■ **EXTRACTED RECORDS**:

▬▬▬

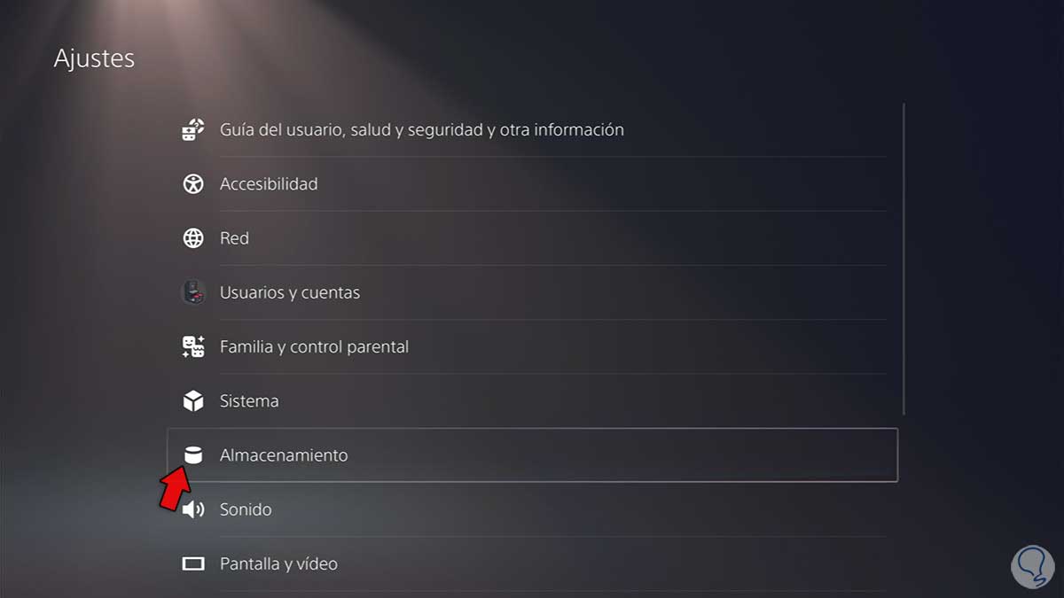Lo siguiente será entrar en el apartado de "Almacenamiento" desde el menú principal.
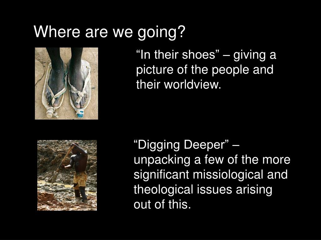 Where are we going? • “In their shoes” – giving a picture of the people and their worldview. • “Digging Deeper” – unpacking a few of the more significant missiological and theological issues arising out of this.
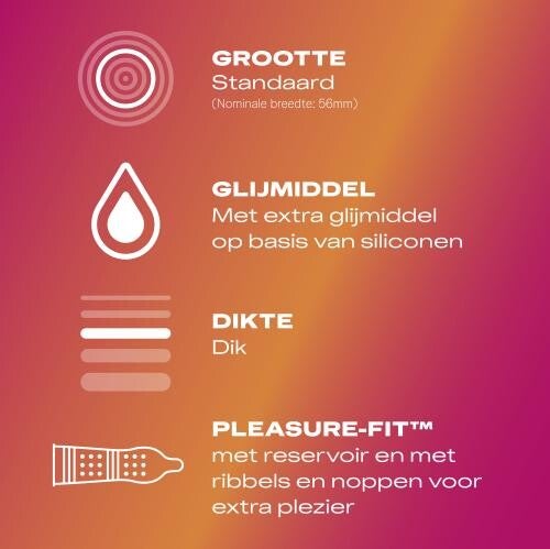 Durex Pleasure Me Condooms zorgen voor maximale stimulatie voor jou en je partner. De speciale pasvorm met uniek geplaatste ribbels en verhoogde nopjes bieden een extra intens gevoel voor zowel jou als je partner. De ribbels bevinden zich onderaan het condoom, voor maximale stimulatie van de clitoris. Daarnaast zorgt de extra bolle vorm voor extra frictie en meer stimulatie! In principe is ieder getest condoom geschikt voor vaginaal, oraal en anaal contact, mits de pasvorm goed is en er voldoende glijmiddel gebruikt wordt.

▬▬▬

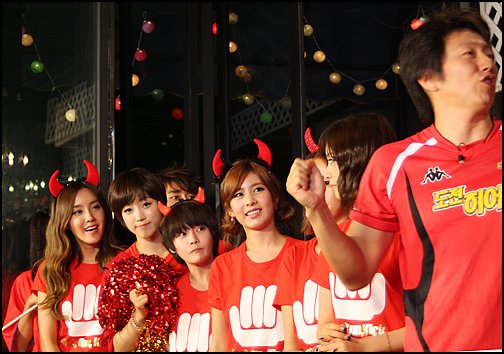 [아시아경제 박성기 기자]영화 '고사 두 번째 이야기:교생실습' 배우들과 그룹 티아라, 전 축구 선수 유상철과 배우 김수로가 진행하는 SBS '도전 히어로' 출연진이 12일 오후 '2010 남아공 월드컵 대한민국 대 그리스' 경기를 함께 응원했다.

▬▬▬

■ **TASK OBJECTIVE**: In the listing above, find the line containing "Lo siguiente será" and the line containing "Where are we", then return both of them and every line between, exactly, without pictures.

■ **RESPONSE TO THIS TASK**:
Lo siguiente será entrar en el apartado de "Almacenamiento" desde el menú principal.
 Where are we going? • “In their shoes” – giving a picture of the people and their worldview. • “Digging Deeper” – unpacking a few of the more significant missiological and theological issues arising out of this.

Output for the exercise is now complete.